• _EXERCISE AIM_
In the records below, repeat exactly the lines between the line holding "- Aerial view" and the line holding "I sei candidati", inclusive, and drop the pictures.

• _EXERCISE DATA_
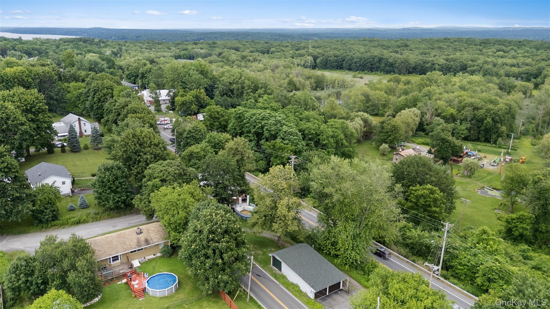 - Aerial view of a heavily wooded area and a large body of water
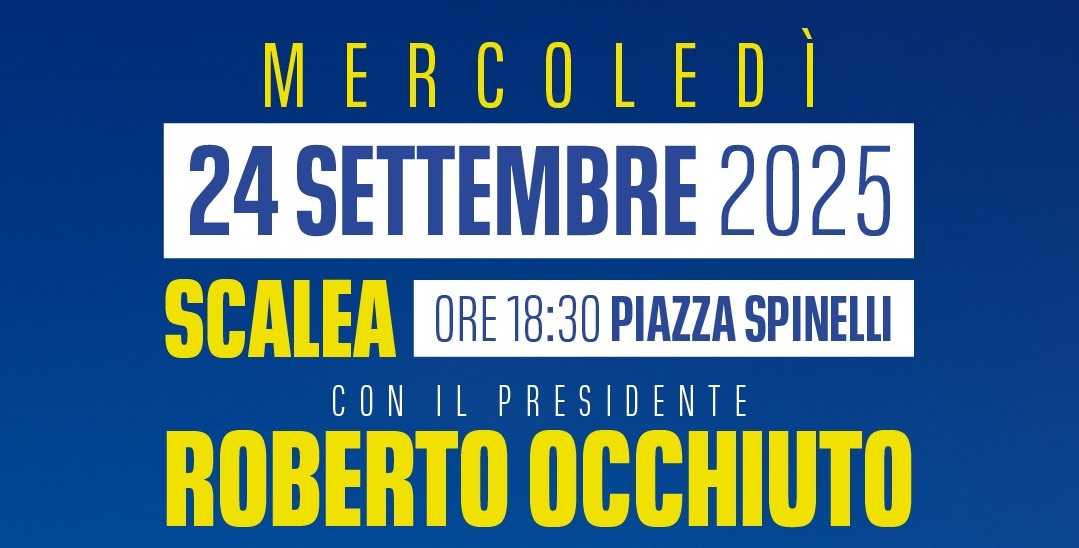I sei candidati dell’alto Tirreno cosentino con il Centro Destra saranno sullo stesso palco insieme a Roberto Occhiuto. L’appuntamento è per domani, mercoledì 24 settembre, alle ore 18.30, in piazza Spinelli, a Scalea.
...
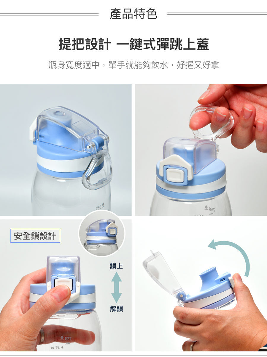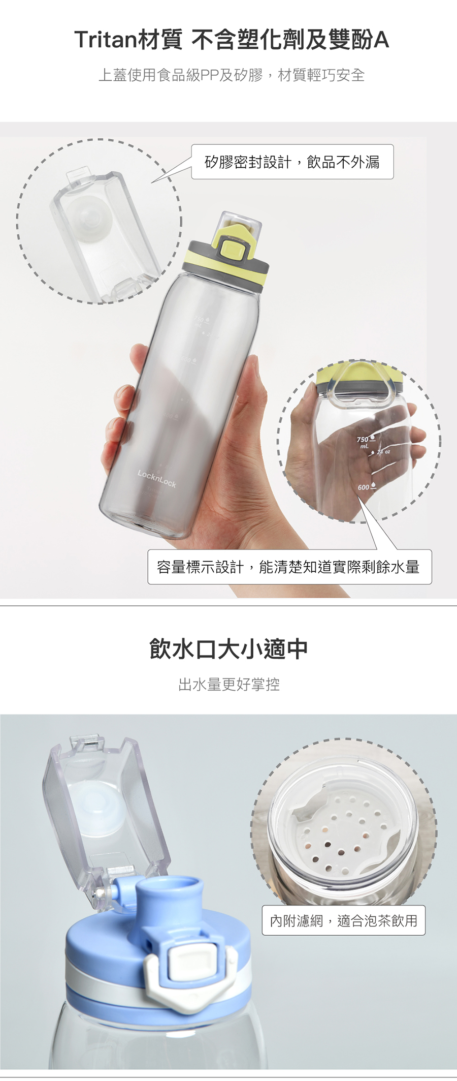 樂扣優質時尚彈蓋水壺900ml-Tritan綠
...
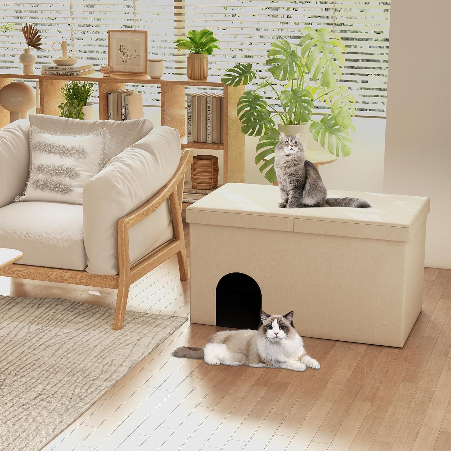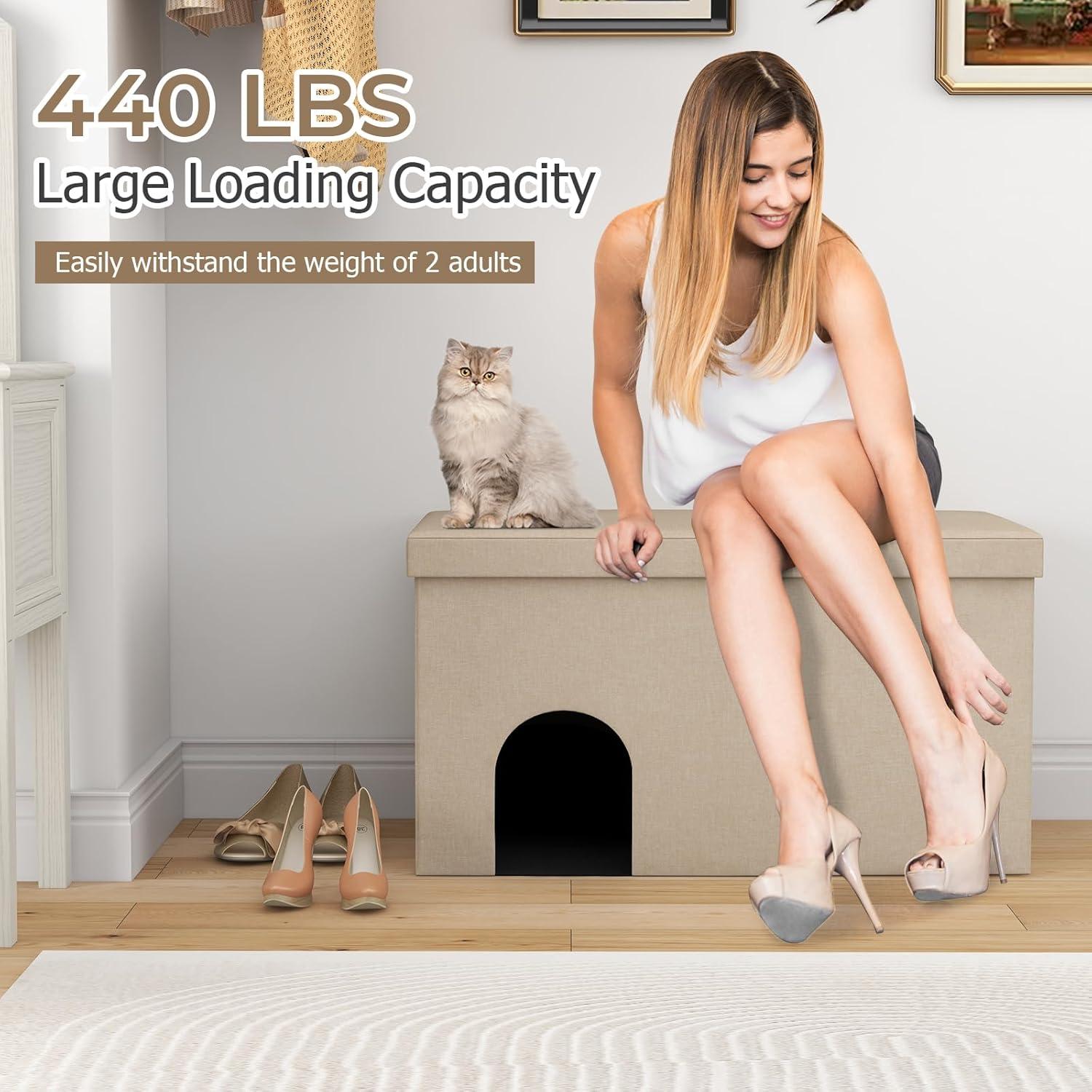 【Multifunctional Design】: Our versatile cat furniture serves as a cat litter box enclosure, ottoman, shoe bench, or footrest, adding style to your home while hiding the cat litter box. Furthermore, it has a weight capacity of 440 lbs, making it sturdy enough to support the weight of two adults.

• _ANSWER TO THE EXERCISE_
 - Aerial view of a heavily wooded area and a large body of water
I sei candidati dell’alto Tirreno cosentino con il Centro Destra saranno sullo stesso palco insieme a Roberto Occhiuto. L’appuntamento è per domani, mercoledì 24 settembre, alle ore 18.30, in piazza Spinelli, a Scalea.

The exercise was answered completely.